The task
Repeat the data word for word and skip the pictures.

Given data
-- Opening Marker --
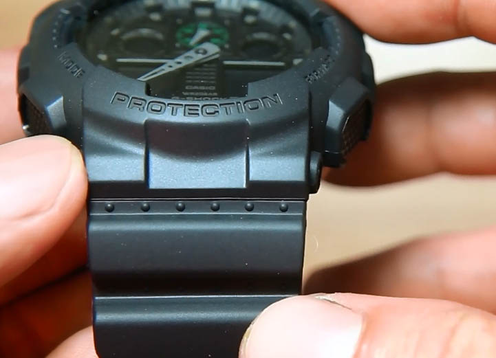 Sayang sekali tombol yang digunakan pada jam Casio G-Shock GA-100MB-1A ini sedikit masuk dari bezel jam ini. Bagi Anda yang memiliki jari tangan yang sedikit besar harus sedikit membiasakan diri pada saat menekan tombol-tombol tersebut. Apalagi saat Anda harus menekan tombol tersebut untuk waktu 3-5 detik. Namun kami temukan seiring waktu, jari Anda akan terbiasa.
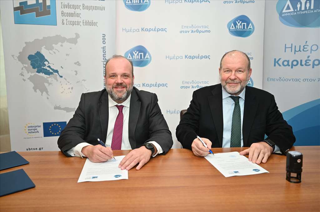 Μνημόνιο συνεργασίας υπέγραψαν σήμερα ο Διοικητής της Δημόσιας Υπηρεσίας Απασχόλησης (ΔΥΠΑ), Σπύρος Πρωτοψάλτης και ο Πρόεδρος Διοικητικού Συμβουλίου και Εκτελεστικής Επιτροπής του Συνδέσμου Βιομηχανιών Θεσσαλίας και Στερεάς Ελλάδας (ΣΒΘΣΕ), Αθανάσιος Συριανός, στο πλαίσιο της Ημέρας Καριέρας που πραγματοποιήθηκε στο Βόλο.
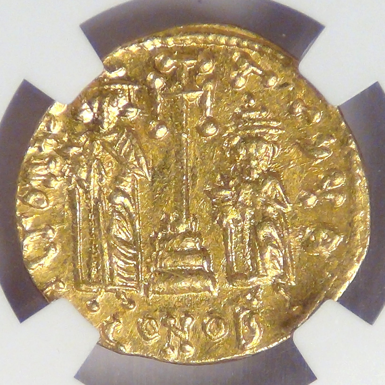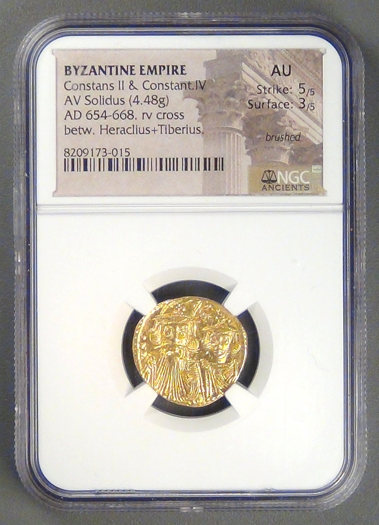 BYZANTINE EMPIRE, Constans II and Constantine IV (654-668 AD), 661-663 AD, AV Solidus, graded AU by NGC
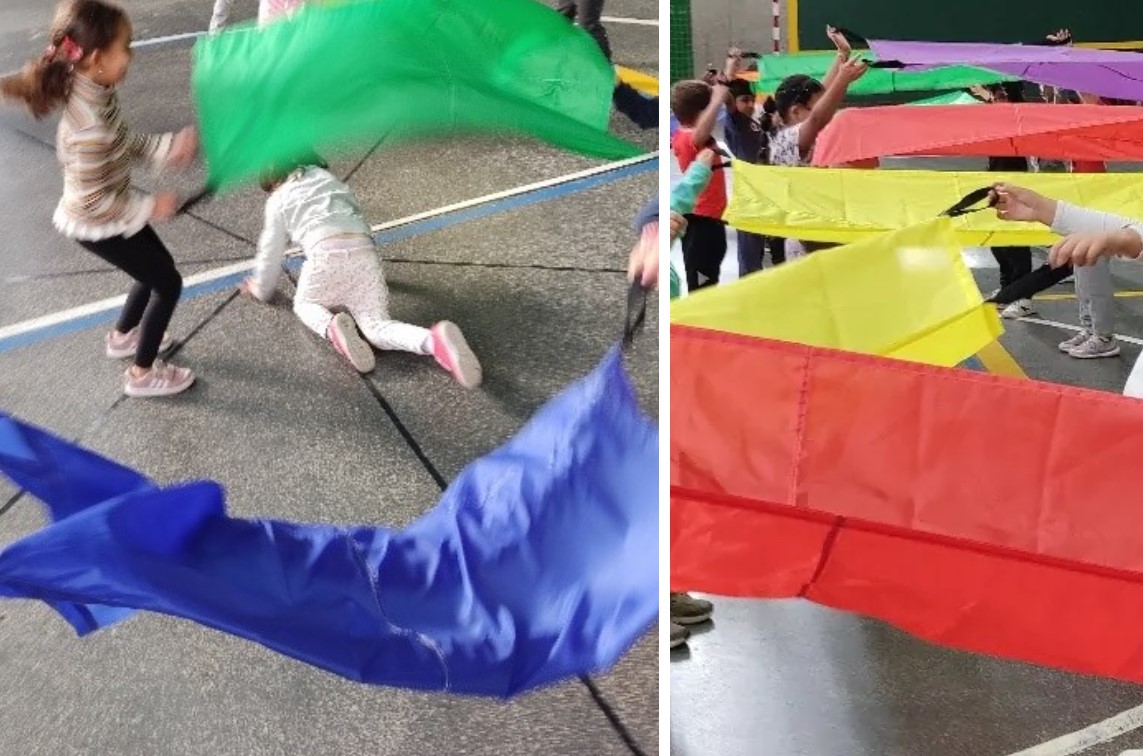 Quando recebi os pára-quedas infantis para jogos cooperativos, pensei que não conseguiria tirar muito proveito deles, mas para minha surpresa, eles se tornaram uma proposta divertida, dinâmica, altamente motivadora e, acima de tudo, que me permitiu desenvolver conteúdos muito diversos. Hoje vamos fazer um pequeno percurso por cursos de duas etapas educativas. Desde os mais pequenos da infância até aos alunos do 6.º ano do ensino básico, todos utilizaram estes pára-quedas infantis com resultados muito surpreendentes. Espero que estas propostas de jogos cooperativos com pára-quedas para crianças possam ser úteis. Começa a viagem...
-- Closing Marker --
Solution to this problem
 Sayang sekali tombol yang digunakan pada jam Casio G-Shock GA-100MB-1A ini sedikit masuk dari bezel jam ini. Bagi Anda yang memiliki jari tangan yang sedikit besar harus sedikit membiasakan diri pada saat menekan tombol-tombol tersebut. Apalagi saat Anda harus menekan tombol tersebut untuk waktu 3-5 detik. Namun kami temukan seiring waktu, jari Anda akan terbiasa.
 Μνημόνιο συνεργασίας υπέγραψαν σήμερα ο Διοικητής της Δημόσιας Υπηρεσίας Απασχόλησης (ΔΥΠΑ), Σπύρος Πρωτοψάλτης και ο Πρόεδρος Διοικητικού Συμβουλίου και Εκτελεστικής Επιτροπής του Συνδέσμου Βιομηχανιών Θεσσαλίας και Στερεάς Ελλάδας (ΣΒΘΣΕ), Αθανάσιος Συριανός, στο πλαίσιο της Ημέρας Καριέρας που πραγματοποιήθηκε στο Βόλο.
 BYZANTINE EMPIRE, Constans II and Constantine IV (654-668 AD), 661-663 AD, AV Solidus, graded AU by NGC
 Quando recebi os pára-quedas infantis para jogos cooperativos, pensei que não conseguiria tirar muito proveito deles, mas para minha surpresa, eles se tornaram uma proposta divertida, dinâmica, altamente motivadora e, acima de tudo, que me permitiu desenvolver conteúdos muito diversos. Hoje vamos fazer um pequeno percurso por cursos de duas etapas educativas. Desde os mais pequenos da infância até aos alunos do 6.º ano do ensino básico, todos utilizaram estes pára-quedas infantis com resultados muito surpreendentes. Espero que estas propostas de jogos cooperativos com pára-quedas para crianças possam ser úteis. Começa a viagem...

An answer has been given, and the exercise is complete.